USA: natural target market of 320 million people with a very high level of
(disposable) income. Established businesses are happy to buy products from
startups. There is a positive feedback loop where businesses try to grow fast
and therefore want to outsource the stuff they're not good at so they can
focus on their core skills. This means startups can pop up to take care of
everything else (HR/Invoicing/Data crunching/etc-as-a-service).

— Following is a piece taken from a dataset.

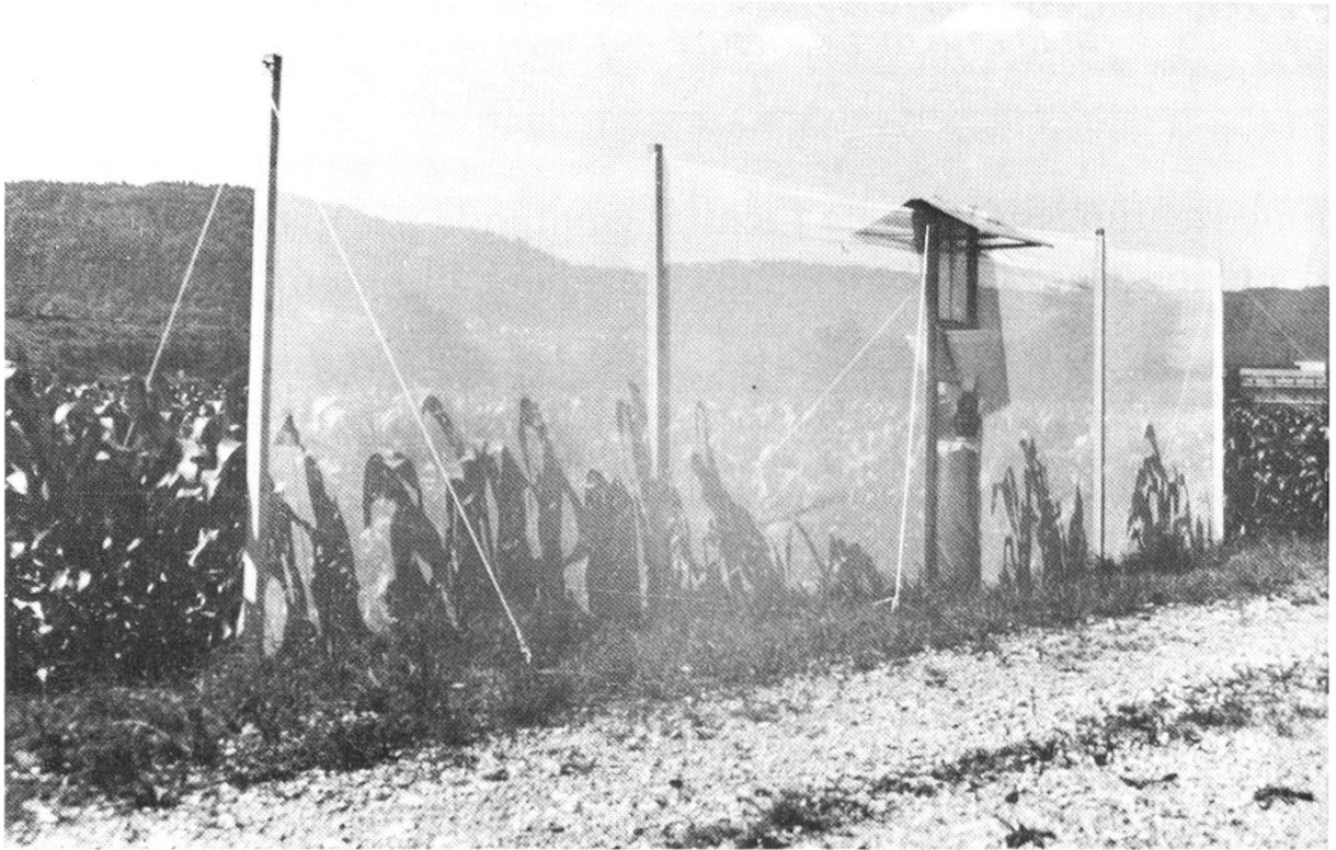
Abb. 1. Montierte Lichtfalle
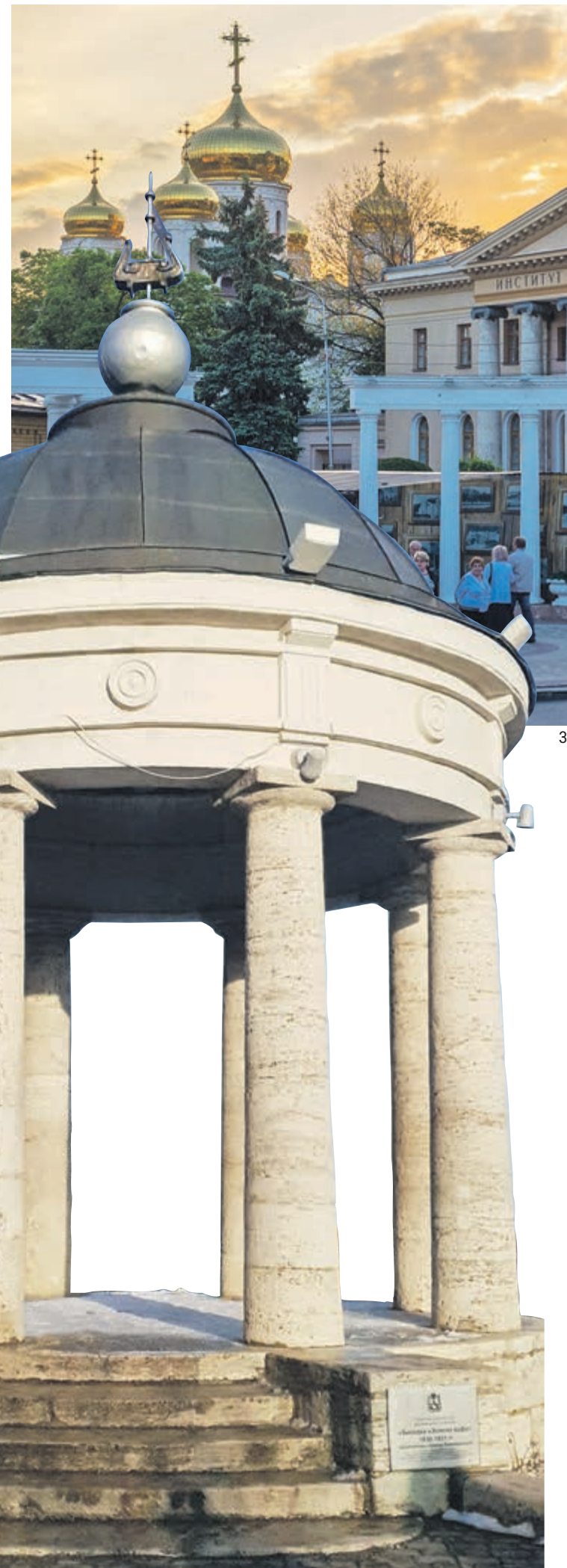
БЕСЕДКА «ЗОЛОВА АРФА»

EUROPE: you have to deal with dozens of languages and cultures. Although the
and Germanic countries are OK with English-only products, the rest of Europe
wants their products translated. Salaries are much lower here and businesses
are much more conservative. Businesses that grow slowly have to care much more
about operating expenses, which means they will try to do everything in-house
to cut costs.

As a consequence we get the vast majority of our revenue from the US, even
though people all across the world try our software.

2) Culture

A lot of people talk about starting a startup, but nobody seems to want it
badly enough. Perhaps this is because there are so few success stories over
here in the Netherlands. People tend to focus on the negative (what if you
fail? what about work-life balance? what if you get sued?), but it's hard to
say if that matters.

The US has only one Silicon Valley. There is nothing comparable on the east
coast, even though the east and west coast have a lot in common. If we figure
out why Silicon Valley works and other places fail to really take off we
should be able to create startup hubs all across the world.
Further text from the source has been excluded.